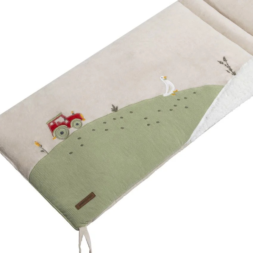Oferă-i bebelușului tău nopți liniștite și sigure cu protectia letarala de pătuț "Viata la Ferma". Realizata din velur moale, cu 3 panouri brodate cu motive din viața la fermă, această protecție adaugă un strop de farmec rustic camerei copilului.
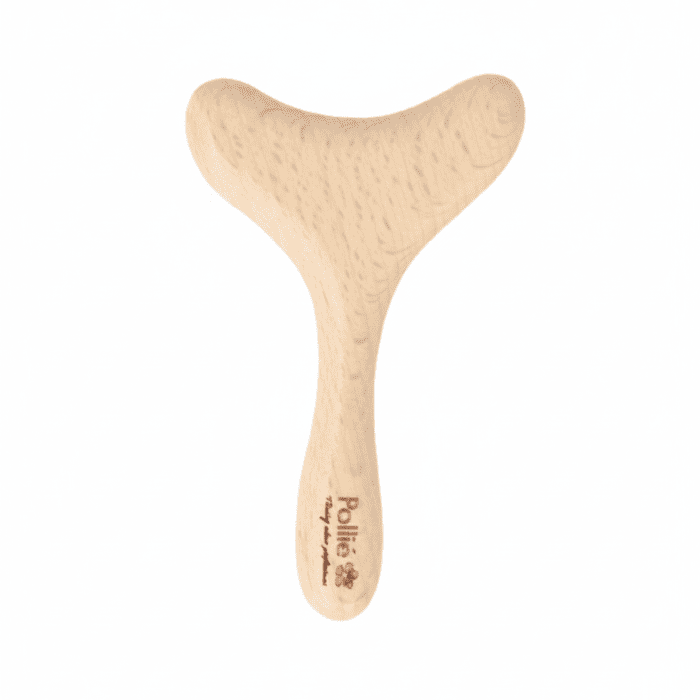 A tabela modeladora facial Pollié adapta-se ao contorno do rosto e pescoço para drenar, descongestionar e tonificar. O acabamento em madeira natural desliza com conforto, potenciando a massagem.
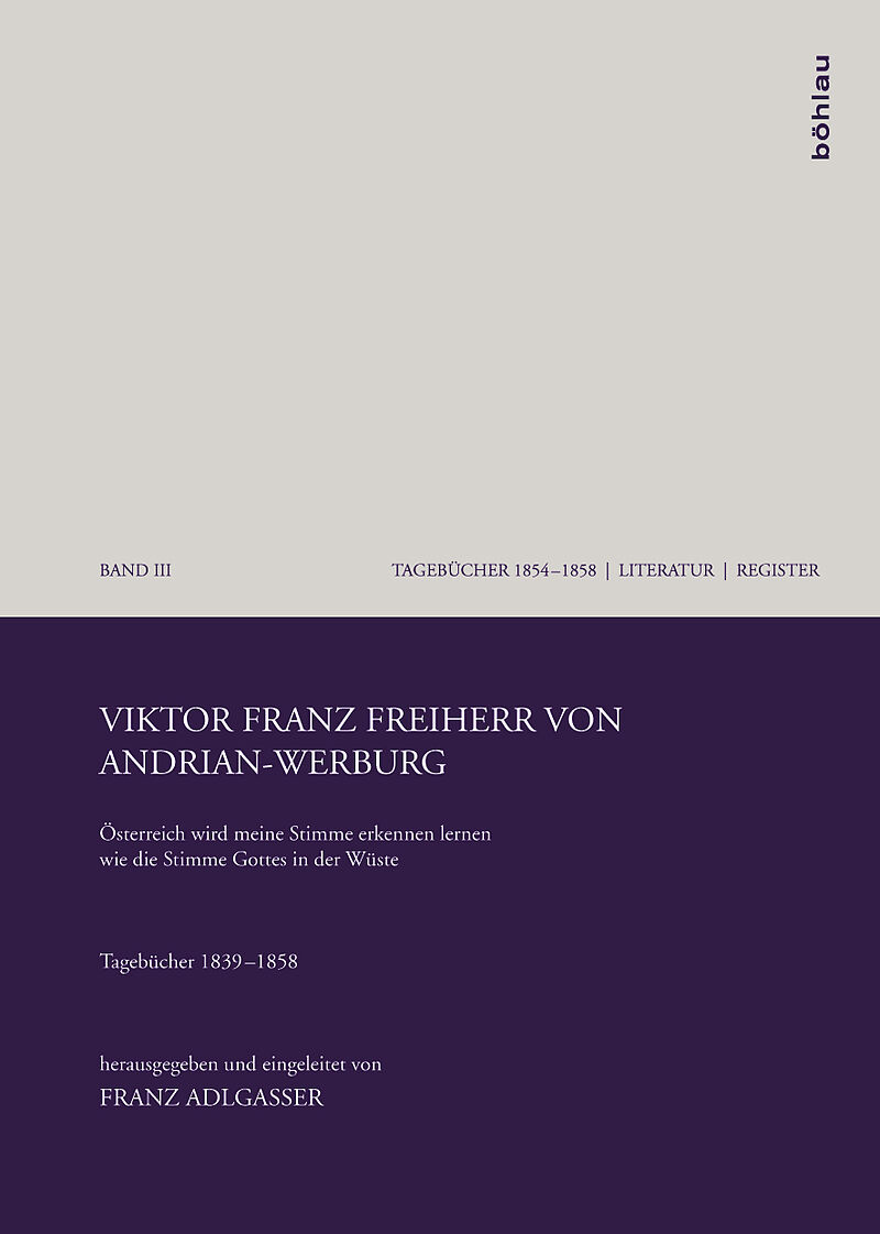Die Tagebücher von Viktor Franz Freiherr von Andrian-Werburg (1813-1858) führen durch sein Leben vom Idol der vormärzlichen Opposition zum Abgeordneten der Frankfurter Nationalversammlung, vom Berater der österreichischen Politik nach 1849 zum Verwaltungsrat k...
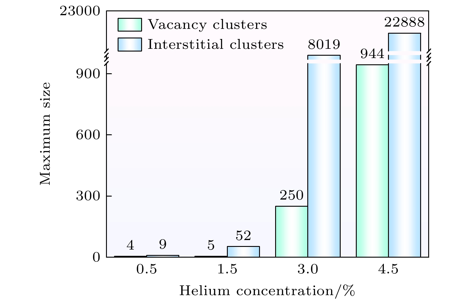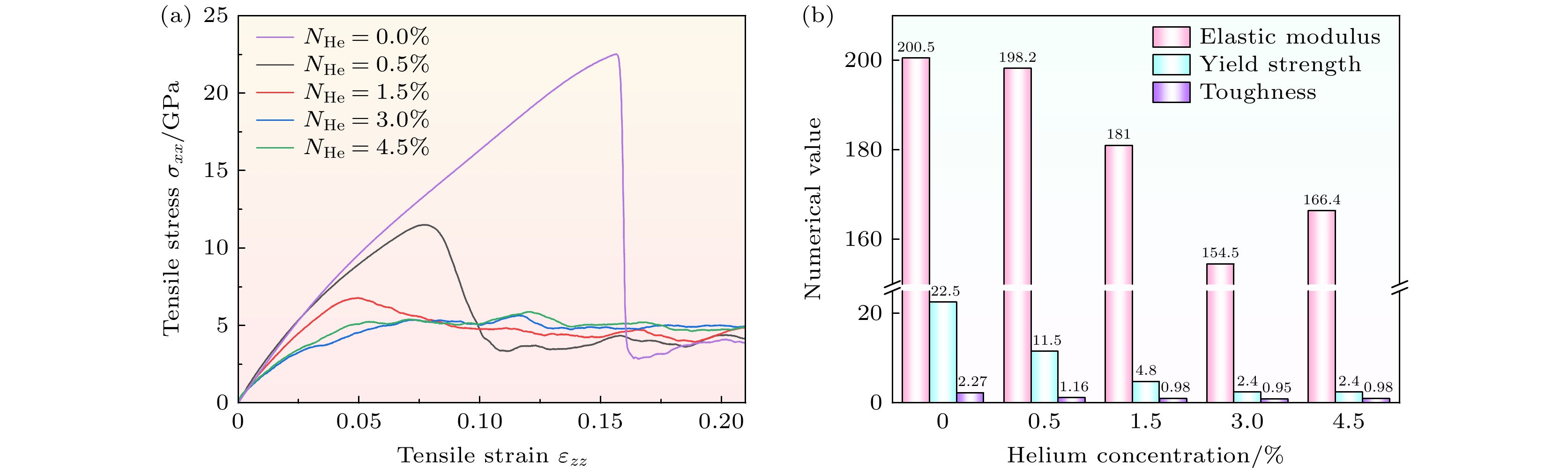 理解原子尺度下氦浓度对低活化钢缺陷演化和力学性能的内在关联是设计兼具优异抗肿胀和抗脆化性能聚变材料的关键. 本文通过分子动力学模拟研究氦浓度对单晶铁的影响. 结果表明NHe < 3.0%时, 弗仑克尔缺陷对(Frenkel pairs, FPs)数量都表现为线性增长至峰值后稳定; 而当NHe ≥ 3.0%时, 间隙大团簇的形成会吸收间隙原子长大并降低湮灭速率, 导致FPs数量二次增长, 被空位环绕后, 不再阻碍复位, 数量二次稳定. 当NHe增至3.0%时, 单晶铁的弹性模量, 屈服强度和韧性分别下降了21%, 88%和57%, 此后氦浓度增大, 力学性能不再降低. 这是由于NHe < 3.0%时, 随着氦浓度上升, 氦致缺陷增多, 导致韧性降低, 促进位错形核, 使弹性模量和屈服强度下降; 而当NHe ≥ 3.0%时, 初始缺陷存在位错, 且团簇数量变化甚微, 韧性不再降低, 不影响位错形核, 弹性模量和屈服强度随之稳定. NHe = 3.0%时出现的大团簇阻碍滑移系滑移, 改变滑移平面方向, 削弱主滑移系作用, 导致小滑移带增多, 塑性变形机制由交滑移转变为滑移带相遇后分解为离散位错和点缺陷. 研究揭示了氦浓度对单晶铁缺陷演化及力学性能的影响规律和关键机制, 为聚变铁基材料设计提供理论依据.Understanding the intrinsic correlation between helium concentration and the evolution of defects as well as mechanical properties in low-activation steel on an atomic scale is crucial for designing fusion materials with excellent resistance to swelling and embrittlement. This study investigates the effect of helium concentration on single-crystal iron through molecular dynamics simulations, thereby clarifying the mechanisms by which helium concentration affects helium defect evolution, mechanical properties, and plastic deformation behavior of low-activation steel on an atomic scale. Models of body-centered cubic (BCC) iron with different helium concentrations (0.5%—4.5%) are established. Wigner-Seitz cell analysis and cluster clustering methods are employed to track the evolution of Frenkel Pairs (FPs) and cluster defects, revealing the mechanism of helium concentration-induced FPs and cluster formation at 500 ℃. Furthermore, combined with tensile mechanical simulations, the effects of helium behavior on the mechanical properties of single-crystal iron, such as elastic modulus, yield strength, and toughness, are analyzed, and the correlation mechanisms between helium concentration-induced defect evolution, mechanical properties, and plastic deformation behavior are revealed. The results show that when NHe < 3.0%, the number of FPs linearly reaches to a peak and then stabilizes. This is because helium behavior causes a rapid increase in the number of FPs and a large number of interstitial atoms are generated, some of which recombine. The annihilation rate of FPs increases with their number increasing and eventually equals the generation rate, resulting in a stable number of FPs. When NHe ≥ 3.0%, the initial increase and stabilization are the same as those for NHe < 3.0%. However, after the formation of large interstitial clusters, they absorb interstitial atoms and grow, hindering recombination and reducing the annihilation rate of FPs, thus leading to a secondary increase. The large clusters are surrounded by vacancies and no longer hinder FP recombination, and a new balance is achieved, resulting in a secondary stabilization of the FP number. When NHe increases to 3.0%, the elastic modulus, yield strength, and toughness of single-crystal iron decrease by 21%, 88%, and 57%, respectively; beyond this concentration, the mechanical properties no longer decrease. This is because when NHe < 3.0%, as helium concentration increases, helium-induced defects increase, leading to a decrease in toughness and promoting dislocation nucleation, thus reducing the elastic modulus and yield strength. When NHe ≥ 3.0%, dislocations exist in the initial defects, and the number of clusters changes slightly; toughness no longer decreases, and dislocation nucleation is not affected, leading to the stabilization of elastic modulus and yield strength. At NHe = 3.0%, the formation of large clusters hinders the movement of slip systems, changes the orientation of slip planes, weakens the effectiveness of the main slip system, which leads to an increase in small slip bands and causes the plastic deformation mechanism to transform from cross-slip to decomposition into discrete dislocations and point defects once the slip bands intersect with each other. This study reveals the influence patterns and key mechanisms of helium concentration on defect evolution and mechanical properties of single-crystal iron, providing a theoretical basis for designing fusion iron-based materials.
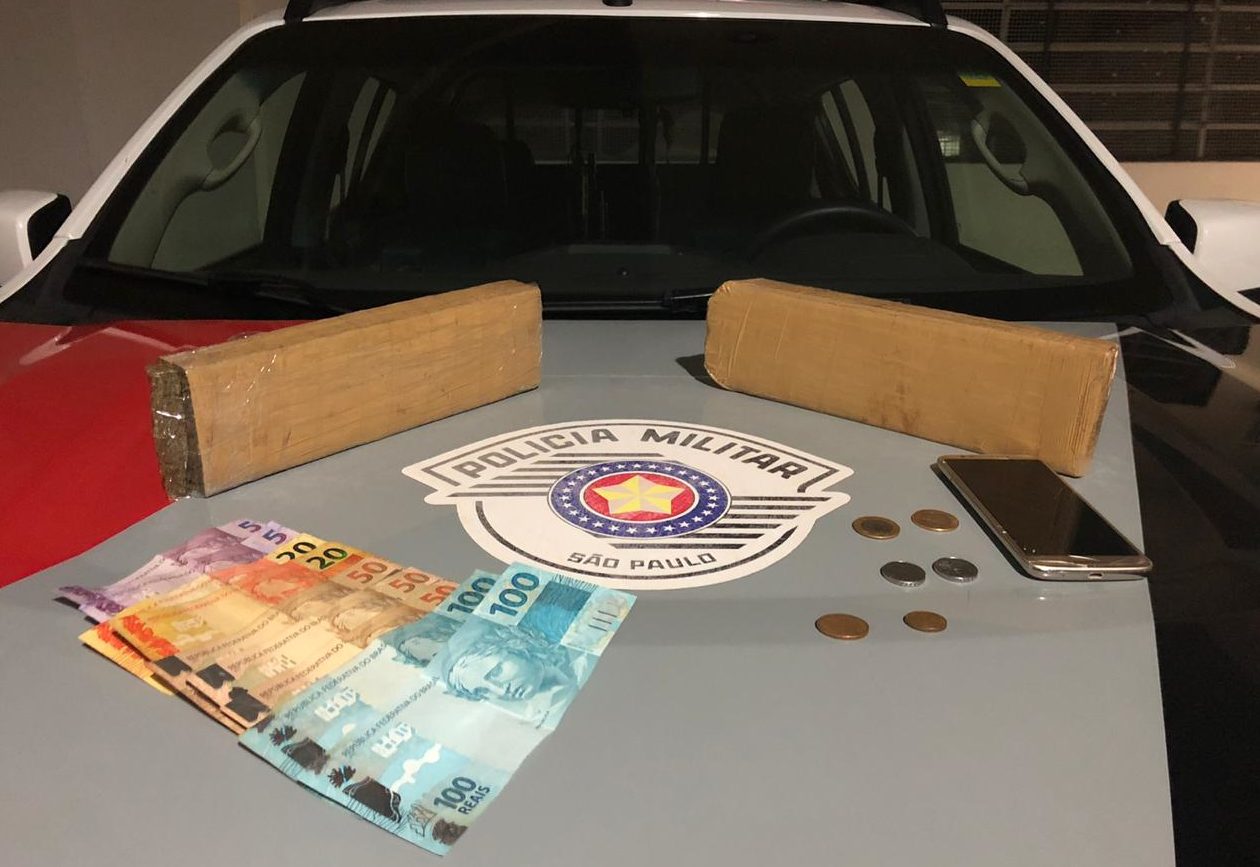 A PM fez a abordagem e localizou no bolso da bermuda do condutor R$ 403,35. No interior do automóvel havia dois tijolos de maconha.
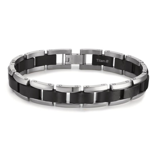 Bracelet Acier inoxydable, Cuir Agate noir 21-22 cm
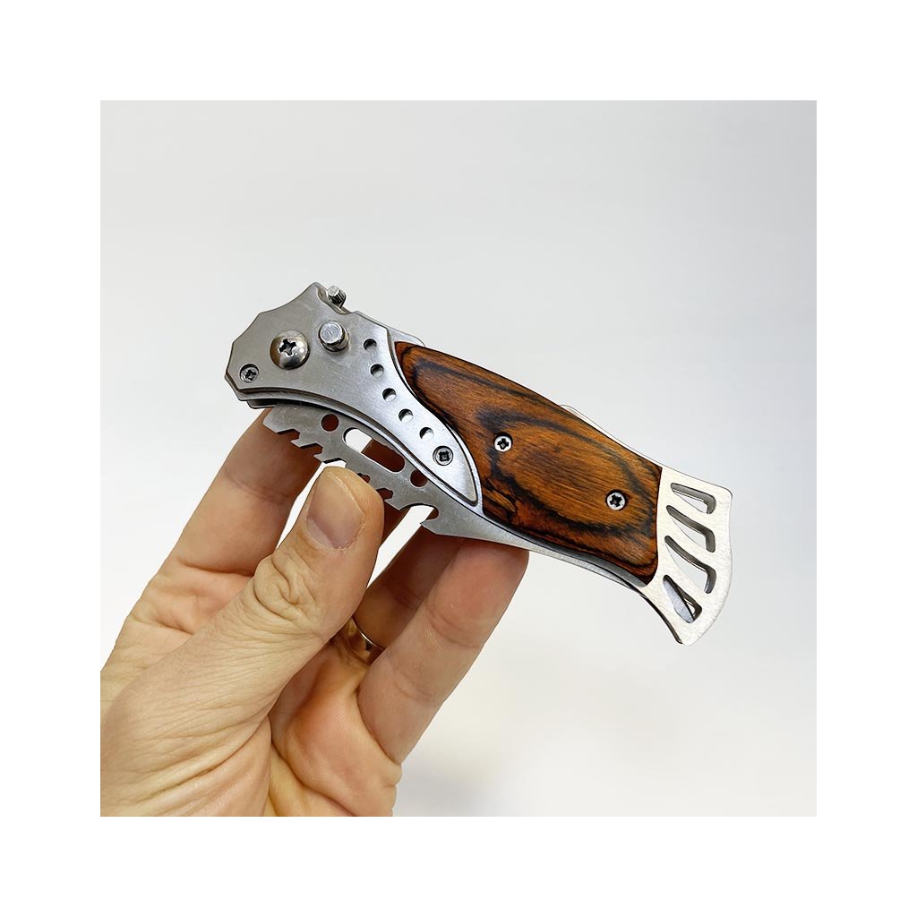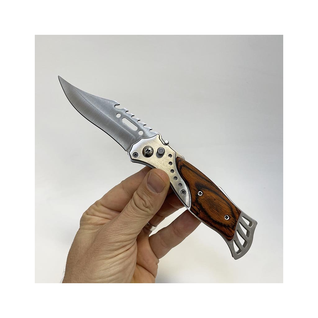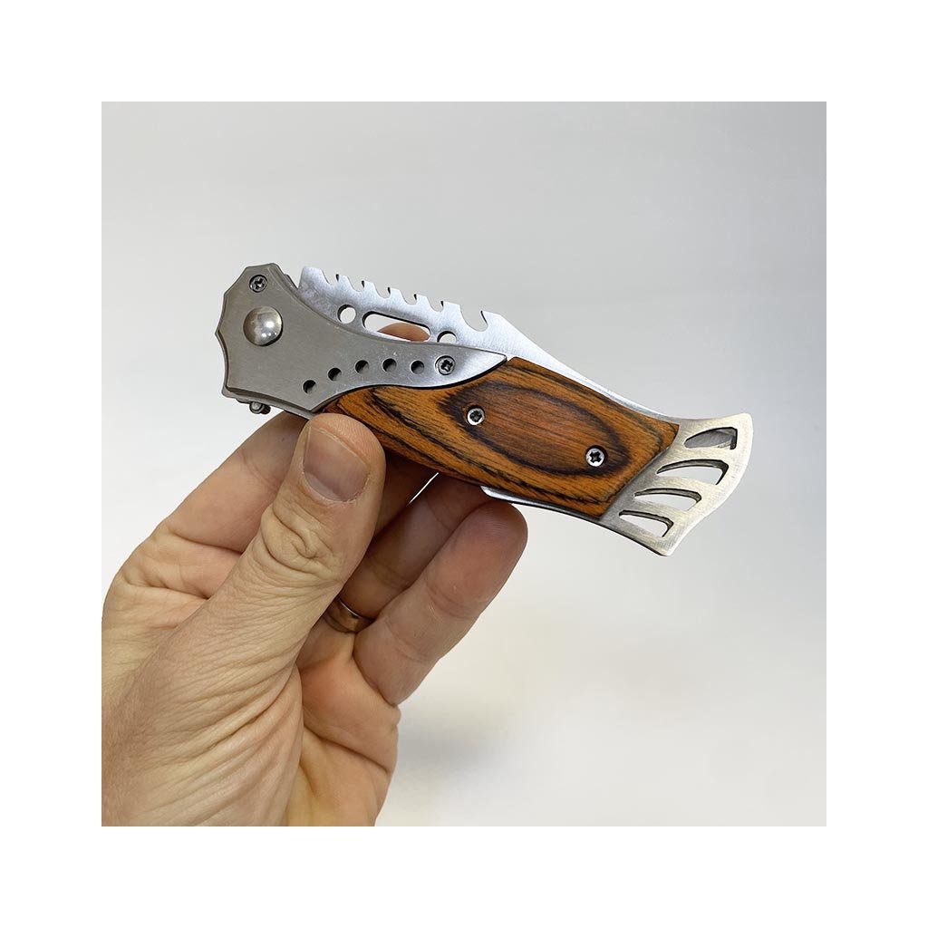 Elegantní vyklápěcí nůž o délce 22 cm (otevřený) s kvalitní dřevěnou rukojetí. Možnost gravírování vlastního textu nebo monogramu. Ideální jako originální dárek.
==*==
* [YOUR TASK]
Could you output all of the entries above exactly? Leave the pictures out.

* [TASK SOLUTION]
Oferă-i bebelușului tău nopți liniștite și sigure cu protectia letarala de pătuț "Viata la Ferma". Realizata din velur moale, cu 3 panouri brodate cu motive din viața la fermă, această protecție adaugă un strop de farmec rustic camerei copilului.
 A tabela modeladora facial Pollié adapta-se ao contorno do rosto e pescoço para drenar, descongestionar e tonificar. O acabamento em madeira natural desliza com conforto, potenciando a massagem.
Die Tagebücher von Viktor Franz Freiherr von Andrian-Werburg (1813-1858) führen durch sein Leben vom Idol der vormärzlichen Opposition zum Abgeordneten der Frankfurter Nationalversammlung, vom Berater der österreichischen Politik nach 1849 zum Verwaltungsrat k...
 理解原子尺度下氦浓度对低活化钢缺陷演化和力学性能的内在关联是设计兼具优异抗肿胀和抗脆化性能聚变材料的关键. 本文通过分子动力学模拟研究氦浓度对单晶铁的影响. 结果表明NHe < 3.0%时, 弗仑克尔缺陷对(Frenkel pairs, FPs)数量都表现为线性增长至峰值后稳定; 而当NHe ≥ 3.0%时, 间隙大团簇的形成会吸收间隙原子长大并降低湮灭速率, 导致FPs数量二次增长, 被空位环绕后, 不再阻碍复位, 数量二次稳定. 当NHe增至3.0%时, 单晶铁的弹性模量, 屈服强度和韧性分别下降了21%, 88%和57%, 此后氦浓度增大, 力学性能不再降低. 这是由于NHe < 3.0%时, 随着氦浓度上升, 氦致缺陷增多, 导致韧性降低, 促进位错形核, 使弹性模量和屈服强度下降; 而当NHe ≥ 3.0%时, 初始缺陷存在位错, 且团簇数量变化甚微, 韧性不再降低, 不影响位错形核, 弹性模量和屈服强度随之稳定. NHe = 3.0%时出现的大团簇阻碍滑移系滑移, 改变滑移平面方向, 削弱主滑移系作用, 导致小滑移带增多, 塑性变形机制由交滑移转变为滑移带相遇后分解为离散位错和点缺陷. 研究揭示了氦浓度对单晶铁缺陷演化及力学性能的影响规律和关键机制, 为聚变铁基材料设计提供理论依据.Understanding the intrinsic correlation between helium concentration and the evolution of defects as well as mechanical properties in low-activation steel on an atomic scale is crucial for designing fusion materials with excellent resistance to swelling and embrittlement. This study investigates the effect of helium concentration on single-crystal iron through molecular dynamics simulations, thereby clarifying the mechanisms by which helium concentration affects helium defect evolution, mechanical properties, and plastic deformation behavior of low-activation steel on an atomic scale. Models of body-centered cubic (BCC) iron with different helium concentrations (0.5%—4.5%) are established. Wigner-Seitz cell analysis and cluster clustering methods are employed to track the evolution of Frenkel Pairs (FPs) and cluster defects, revealing the mechanism of helium concentration-induced FPs and cluster formation at 500 ℃. Furthermore, combined with tensile mechanical simulations, the effects of helium behavior on the mechanical properties of single-crystal iron, such as elastic modulus, yield strength, and toughness, are analyzed, and the correlation mechanisms between helium concentration-induced defect evolution, mechanical properties, and plastic deformation behavior are revealed. The results show that when NHe < 3.0%, the number of FPs linearly reaches to a peak and then stabilizes. This is because helium behavior causes a rapid increase in the number of FPs and a large number of interstitial atoms are generated, some of which recombine. The annihilation rate of FPs increases with their number increasing and eventually equals the generation rate, resulting in a stable number of FPs. When NHe ≥ 3.0%, the initial increase and stabilization are the same as those for NHe < 3.0%. However, after the formation of large interstitial clusters, they absorb interstitial atoms and grow, hindering recombination and reducing the annihilation rate of FPs, thus leading to a secondary increase. The large clusters are surrounded by vacancies and no longer hinder FP recombination, and a new balance is achieved, resulting in a secondary stabilization of the FP number. When NHe increases to 3.0%, the elastic modulus, yield strength, and toughness of single-crystal iron decrease by 21%, 88%, and 57%, respectively; beyond this concentration, the mechanical properties no longer decrease. This is because when NHe < 3.0%, as helium concentration increases, helium-induced defects increase, leading to a decrease in toughness and promoting dislocation nucleation, thus reducing the elastic modulus and yield strength. When NHe ≥ 3.0%, dislocations exist in the initial defects, and the number of clusters changes slightly; toughness no longer decreases, and dislocation nucleation is not affected, leading to the stabilization of elastic modulus and yield strength. At NHe = 3.0%, the formation of large clusters hinders the movement of slip systems, changes the orientation of slip planes, weakens the effectiveness of the main slip system, which leads to an increase in small slip bands and causes the plastic deformation mechanism to transform from cross-slip to decomposition into discrete dislocations and point defects once the slip bands intersect with each other. This study reveals the influence patterns and key mechanisms of helium concentration on defect evolution and mechanical properties of single-crystal iron, providing a theoretical basis for designing fusion iron-based materials.
 A PM fez a abordagem e localizou no bolso da bermuda do condutor R$ 403,35. No interior do automóvel havia dois tijolos de maconha.
 Bracelet Acier inoxydable, Cuir Agate noir 21-22 cm
 Elegantní vyklápěcí nůž o délce 22 cm (otevřený) s kvalitní dřevěnou rukojetí. Možnost gravírování vlastního textu nebo monogramu. Ideální jako originální dárek.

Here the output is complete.